Perfect World offers eleven unplugged slices of back-porch melody, a cool summer breeze that will pick you up and whisk your cares away. Every song is graced by Krekel's melodic guitar and pleasantly familiar voice, a combination perfectly suited to the warmly personal tales he spins.

While the title track acknowledges his devotion to music, the subsequent "I Love You" is an unabashed declaration of love that finds a sweet dignity where others might get syrupy. "The Lesson" is a pretty ballad that's as well-written as anything you'll find on the country charts (and better than most), while "Lilly's place" is a bittersweet reflection on the way things change over the years, not always for the better. And your toes will start tapping all on their own at the tongue-in-cheek "California Woman," which mines familiar pop territory with sly good humor.

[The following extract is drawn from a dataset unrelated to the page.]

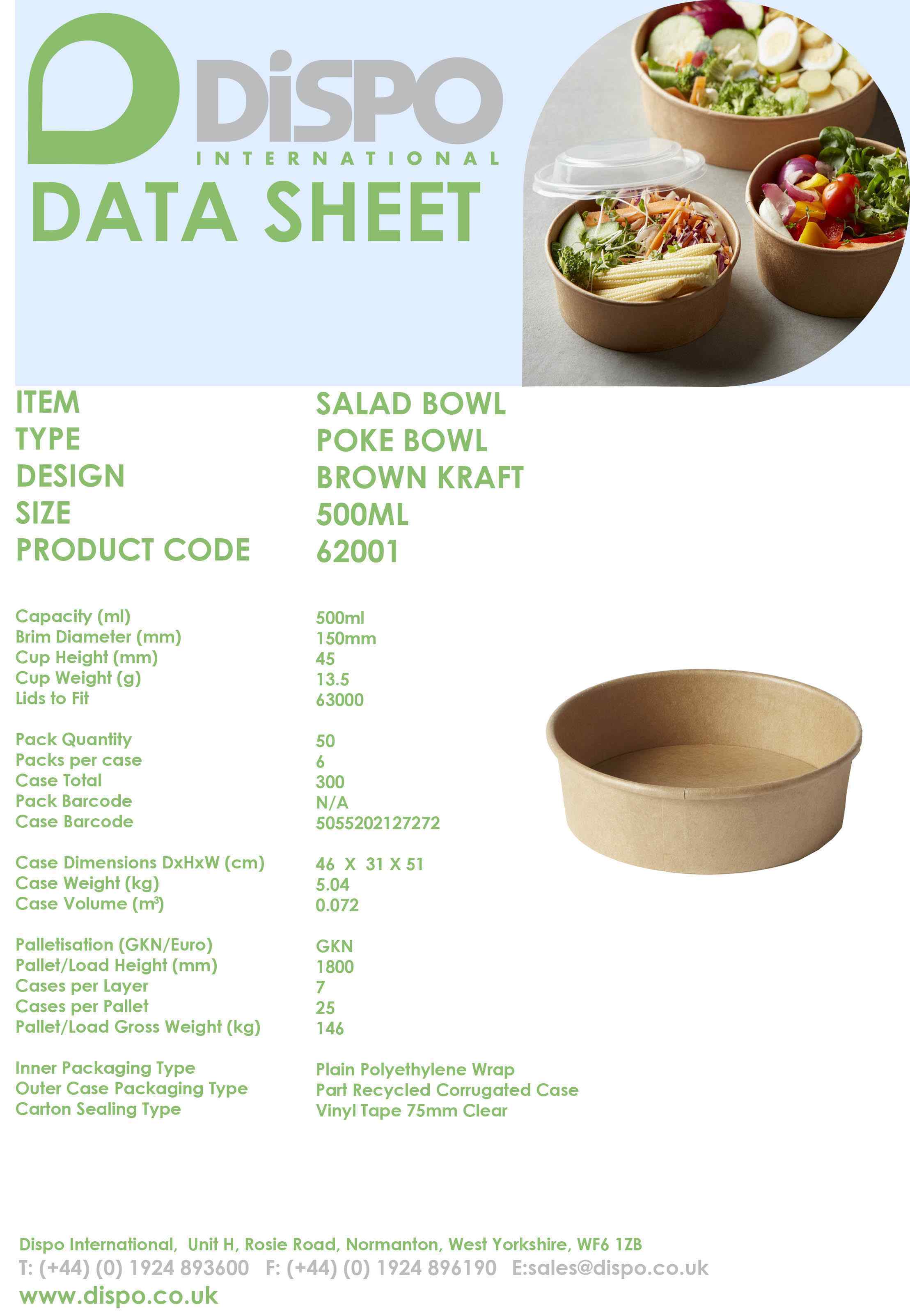 SMALL KRAFT ROUND SALAD BOWLS 6x50 - 500cc DIAMETER: 150MM CODE:62001- 500ml

Part of the charm of Krekel's music is the clarity with which it recalls the innocence of youth, a trip the singer makes time and again on songs like "The Big Wide Open." His reminiscing takes on a soft Latin swing in the lovely "Kentucky Samba," with its haunting melody and hushed Spanish guitar, then continues with the playful "Mason Dixon Buckaroo," and right on into the sweet street-corner melody of "West End Story." What keeps these trips down memory lane from lapsing into mere nostalgia is the way Krekel uses the smallest details to set you traveling down the road of your own lost youth.

The good-natured "happy trails" goofiness of "Heading for the Hollywood Hills" brings the album back to the present. But the true measure of an album is how often you want to hear it.